Two architectures are evaluated for segmentation: a simple convolutional design and a more complex encoder-decoder configuration. The encoder-decoder architecture, featuring skip connections, outperformed the simpler design, allowing for more nuanced segmentation results. Concurrently, a change detection head processes the difference between pre- and post-disaster features, emphasizing the semantic feature space's relevance in determining damage levels.

Loss Function Design

RescueNet introduces a localization aware loss function alongside a selective Categorical Cross-Entropy loss for effective model training. This approach acknowledges the hierarchical nature of the task, where building localization serves as a prerequisite for precise damage classification. The integration of Dice Loss further enhances segmentation accuracy, particularly concerning building boundary predictions.

Dataset Utilization

The xBD dataset is pivotal for training and evaluating RescueNet. It provides comprehensive building segmentation and damage assessment labels across 19 diverse disaster events worldwide. This dataset's scale and variety facilitate robust benchmarking, enabling RescueNet to demonstrate substantial improvements in both localization and damage assessment compared to existing methodologies.

Experimental Results

RescueNet exhibits superior performance across various metrics, including the XView Challenge score and class-specific F1 scores. The model's qualitative results indicate significant advancements in accurate damage level prediction and error reduction compared to baseline models (Figure 3). Ablation studies validate the positive contribution of each architectural component and loss function choice, underscoring RescueNet's thoughtful design and efficacy.
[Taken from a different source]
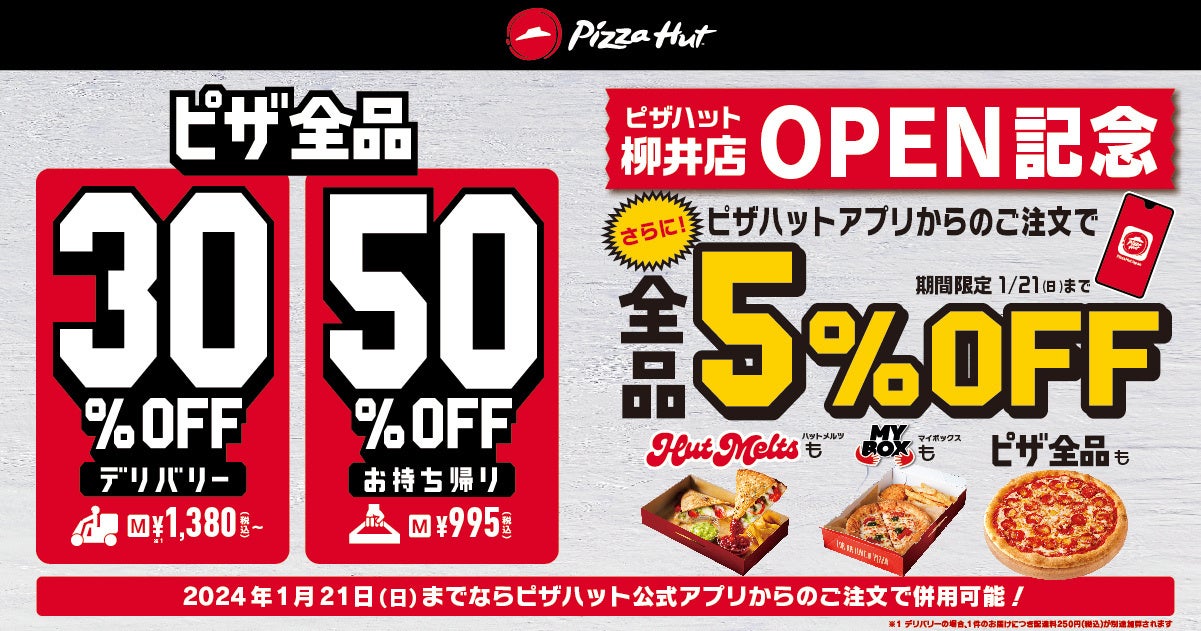 さらに、ピザハット柳井店のオープン記念キャンペーンとして、ピザハット公式アプリからのご注文で全品5%OFFでご提供いたします。2024年1月21日(日)までの7日間限定です。特にピザは「お持ち帰り50%OFF」「デリバリー30%OFF」に加えて、5%OFFとなりますのでとてもおトクです!
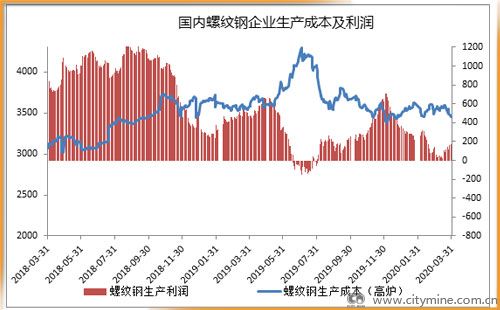 截止3月31日,高炉厂螺纹钢生产成本为3454元/吨,电炉厂生产成本为3609元/吨,当前市场螺纹钢销售均价为3611元/吨,螺纹钢生产企业利润情况较上个月有明显的好转,其中高炉厂生产螺纹钢平均利润为156元/吨,电弧炉企业生产螺纹钢平均利润为2元/吨。虽然两者利润水平不高,但均有增长空间,一是两者产能利用率均不高,公摊较大;二是废钢处于下跌通道之中。故整体利润仍有向好空间。

Figure 3: Qualitative results demonstrating RescueNet's accurate predictions versus baseline models across diverse disaster scenarios.

Conclusion

RescueNet successfully integrates building segmentation and damage assessment within a unified framework, demonstrating superior performance and generalization capabilities across different geographic regions and disaster types. The model's end-to-end trainability, coupled with a bespoke loss function, addresses existing vulnerabilities in prior methods, paving the way for more efficient HADR operations. Future work will target enhancing instance resolution to further refine segmentation and assessment accuracy.

This paper builds upon prior research, proposing a cohesive model that substantially improves the speed and accuracy of damage assessment following natural disasters, presenting implications for both academic inquiry and practical application in HADR contexts. The acknowledgment section thanks contributors to the XView2 Challenge, which inspired this research direction.